The problem: Reproduce the lines below verbatim. Pictures are to be omitted.

Task input:
--------

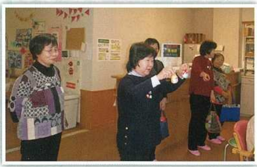
▲手づくりの会ボランティア みすぎ荘 H30年11月28日
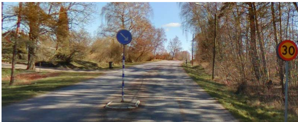
Riktning mot Skrea kyrka
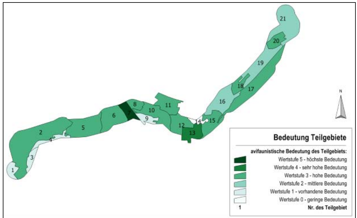
Tabelle 22: Bewertung der avifaunistischen Bedeutung der Teilgebiete Nr. 01-21
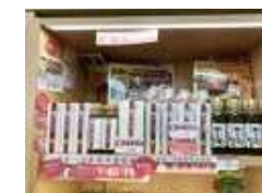
関越自動車道高坂SA上り線様 販売の様子

「亀山温泉ホテル」様、「京葉道路市川P A下り線」様、「J A市原市果彩菜 ちはら台店」様、「道の駅 免野の里ことうさぎ」様、「道の駅 みのりの郷東金」様、「道の駅 あずの里いちほら」様、「道の駅 多古」様、「道の駅 やちよ」様、「館山自動車道市原SA下り線」様、「道の駅ながら」様、「タツノの森農産物直売所」様、「有限会社貼澤」様等で取り扱われております。

--------

Output of the exercise:
▲手づくりの会ボランティア みすぎ荘 H30年11月28日
Riktning mot Skrea kyrka
Tabelle 22: Bewertung der avifaunistischen Bedeutung der Teilgebiete Nr. 01-21
関越自動車道高坂SA上り線様 販売の様子

「亀山温泉ホテル」様、「京葉道路市川P A下り線」様、「J A市原市果彩菜 ちはら台店」様、「道の駅 免野の里ことうさぎ」様、「道の駅 みのりの郷東金」様、「道の駅 あずの里いちほら」様、「道の駅 多古」様、「道の駅 やちよ」様、「館山自動車道市原SA下り線」様、「道の駅ながら」様、「タツノの森農産物直売所」様、「有限会社貼澤」様等で取り扱われております。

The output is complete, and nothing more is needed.